## YOUR GOAL:
Although the records contain pictures, repeat only the text of every line exactly.

+===+

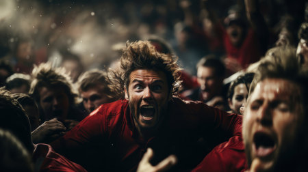 Intense scene of ecstatic rugby fans in red cheering passionately in a crowded night-time stadium setting filled with energetically charged emotions.
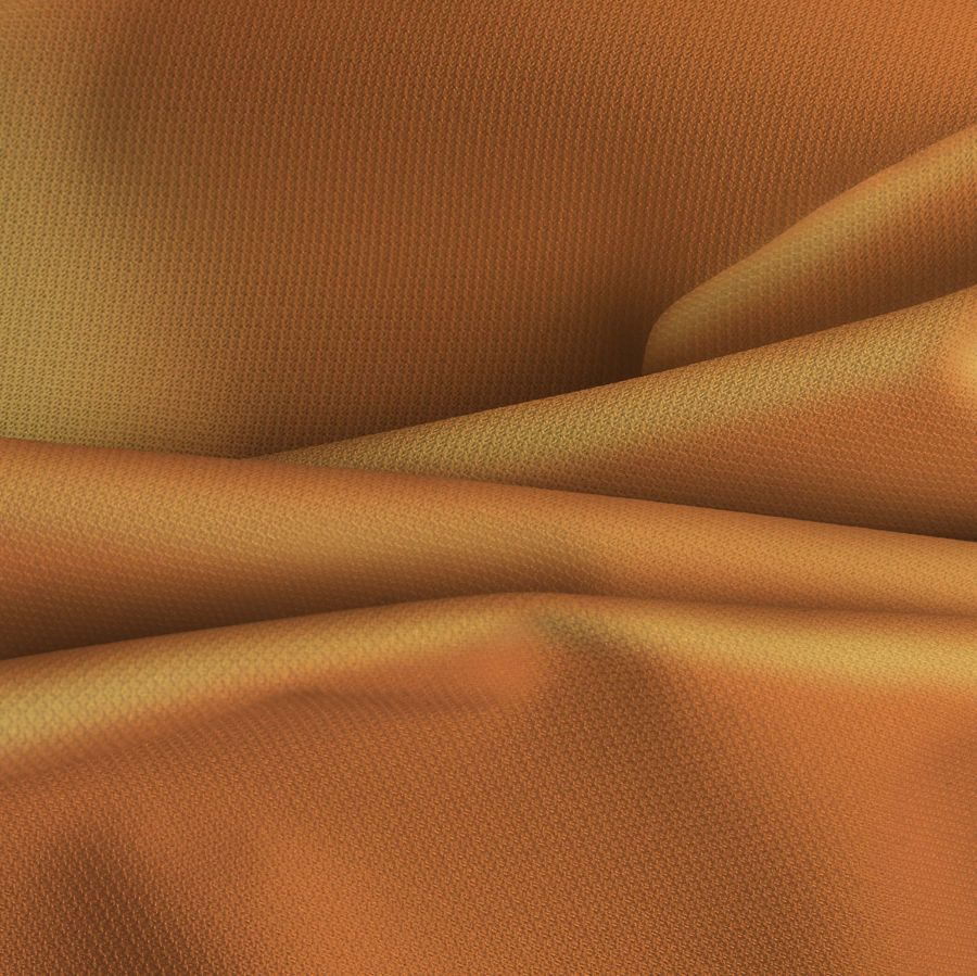 Las características de este tejido son su acabado impermeable, lo que lo hace ideal para prendas y accesorios deportivos, así como su textura delgada que lo hace flexible y fácil de manejar. La tela es resistente a las arrugas y tiene una excelente resistencia a la abrasión. En cuanto al color liso impreso, su intensidad y vibrante tono naranja lo hacen perfecto para diseños deportivos y de moda llamativos y energéticos.
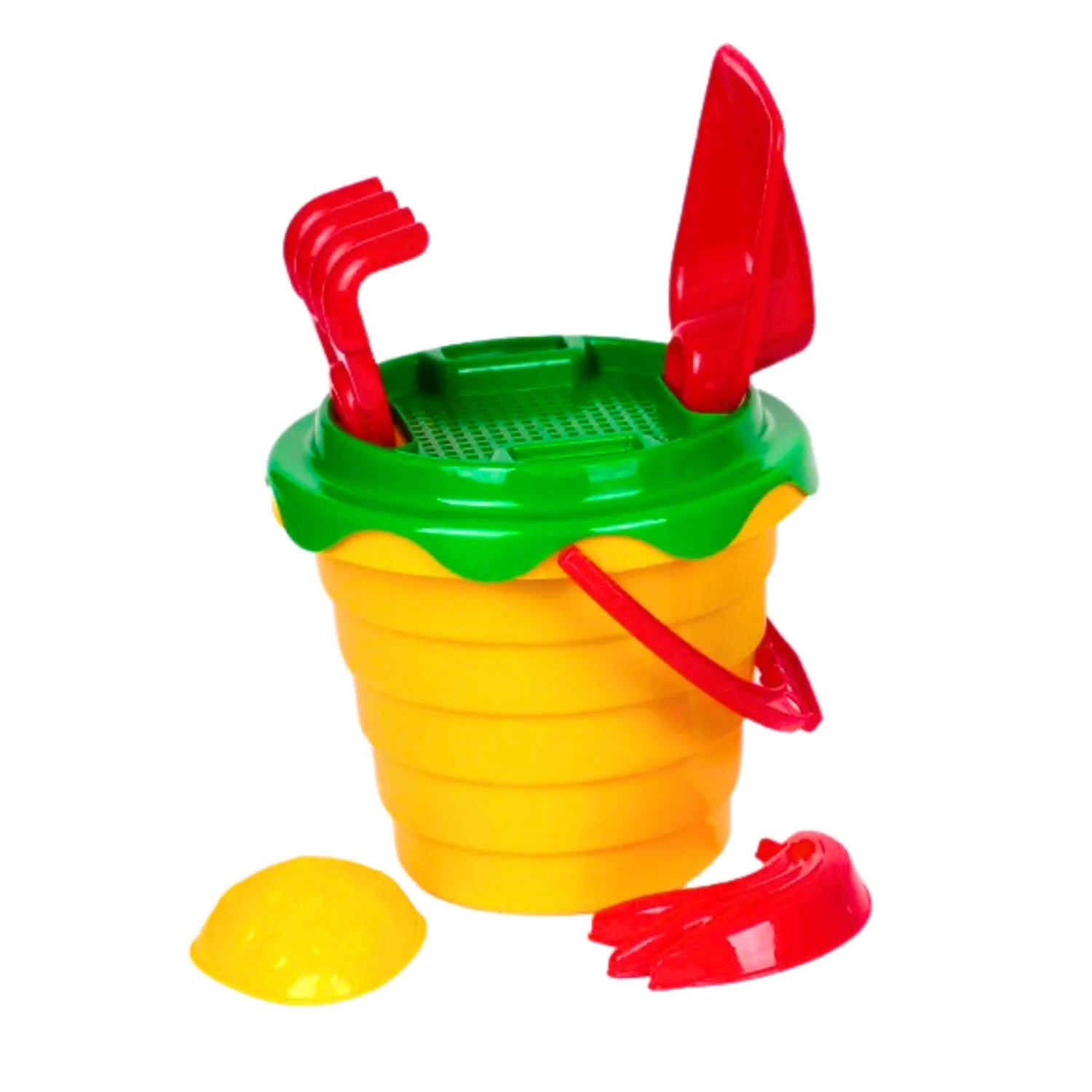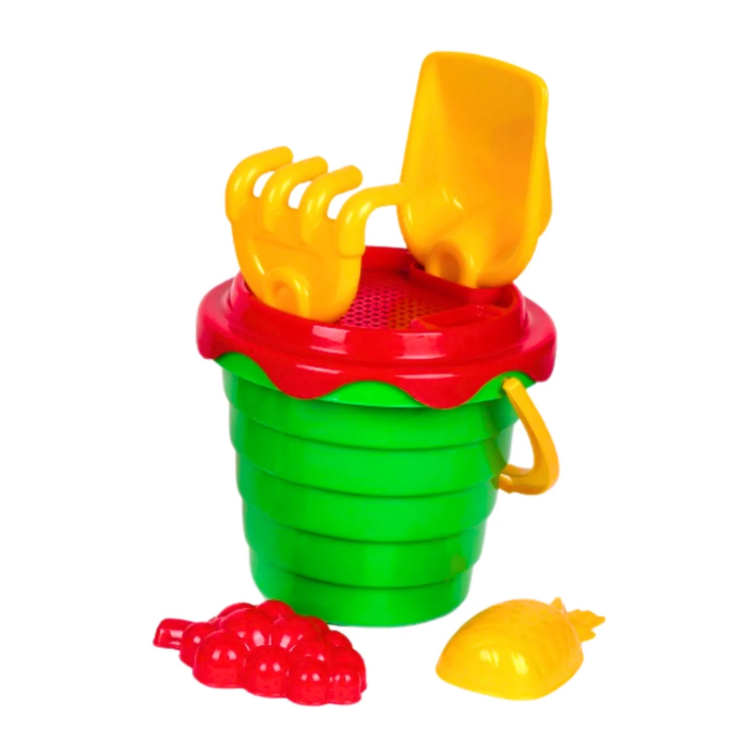 Виготовлені з найякісніших матеріалів , ці іграшки витримають будь-які умови та забезпечать безпечне використання. Набір містить відро з рельєфним візерунком, лопату, граблі, дві формочки та ситечко для захисту предметів, що переносяться у відрі. Контрастні кольори привертають увагу, а закруглені форми роблять цю іграшку підходящою для всіх.
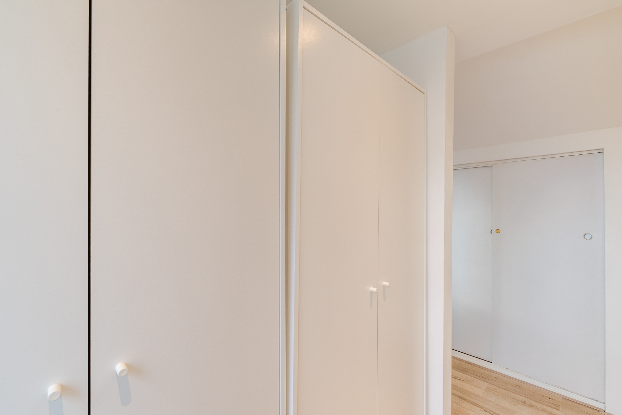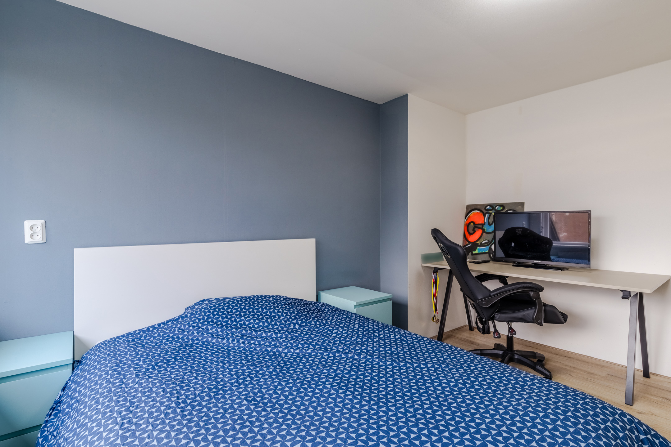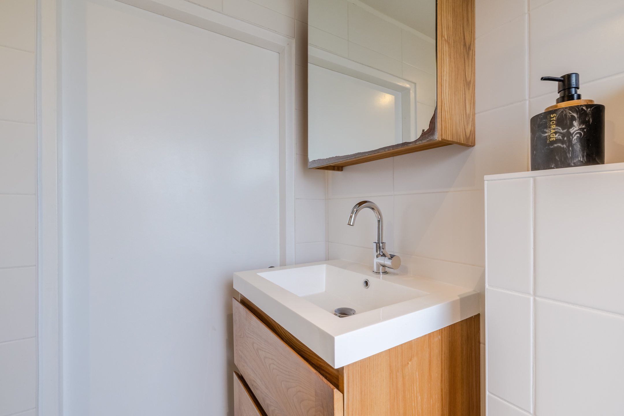 Aan de voorzijde zijn één slaapkamer en de badkamer gesitueerd. De slaapkamer is van een goed formaat (ca. 11 m2) en kijkt, middels een grote raampartij v.v. een hor, uit op de straat en de directe omgeving. De badkamer is uitgevoerd in een neutrale wit-/ grijze kleurstelling met houtlook accenten en beschikt over een inloopdouche met regendouche en handsproeier. Tevens bevinden zich in de badkamer een tweede hangend toilet en een wastafelmeubel met lades en spiegelkast.
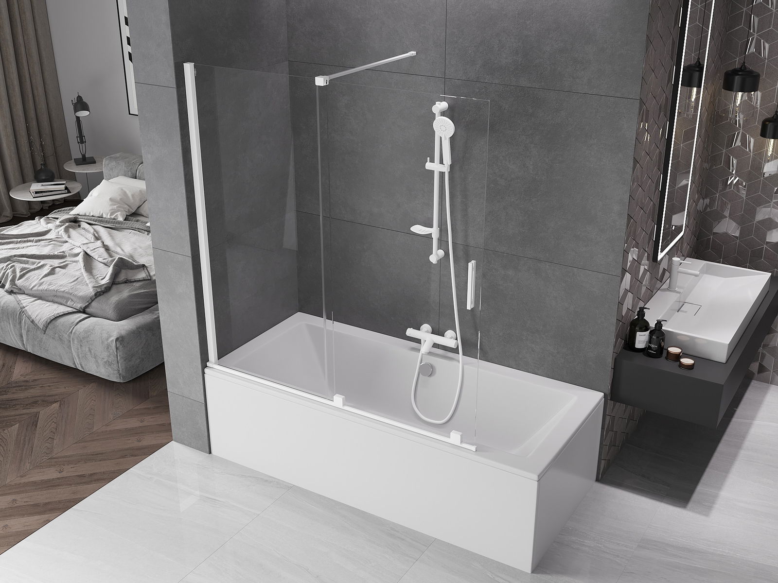 Protecție eficientă împotriva vărsării apei în timpul scăldării. Ecranul are sigilii care se adaptează perfect la sticla din sticlă și marginea carii. O soluție funcțională care asigură siguranță și întreținere ușoară.

+===+

## FINISHED EXERCISE:
 Intense scene of ecstatic rugby fans in red cheering passionately in a crowded night-time stadium setting filled with energetically charged emotions.
 Las características de este tejido son su acabado impermeable, lo que lo hace ideal para prendas y accesorios deportivos, así como su textura delgada que lo hace flexible y fácil de manejar. La tela es resistente a las arrugas y tiene una excelente resistencia a la abrasión. En cuanto al color liso impreso, su intensidad y vibrante tono naranja lo hacen perfecto para diseños deportivos y de moda llamativos y energéticos.
 Виготовлені з найякісніших матеріалів , ці іграшки витримають будь-які умови та забезпечать безпечне використання. Набір містить відро з рельєфним візерунком, лопату, граблі, дві формочки та ситечко для захисту предметів, що переносяться у відрі. Контрастні кольори привертають увагу, а закруглені форми роблять цю іграшку підходящою для всіх.
 Aan de voorzijde zijn één slaapkamer en de badkamer gesitueerd. De slaapkamer is van een goed formaat (ca. 11 m2) en kijkt, middels een grote raampartij v.v. een hor, uit op de straat en de directe omgeving. De badkamer is uitgevoerd in een neutrale wit-/ grijze kleurstelling met houtlook accenten en beschikt over een inloopdouche met regendouche en handsproeier. Tevens bevinden zich in de badkamer een tweede hangend toilet en een wastafelmeubel met lades en spiegelkast.
 Protecție eficientă împotriva vărsării apei în timpul scăldării. Ecranul are sigilii care se adaptează perfect la sticla din sticlă și marginea carii. O soluție funcțională care asigură siguranță și întreținere ușoară.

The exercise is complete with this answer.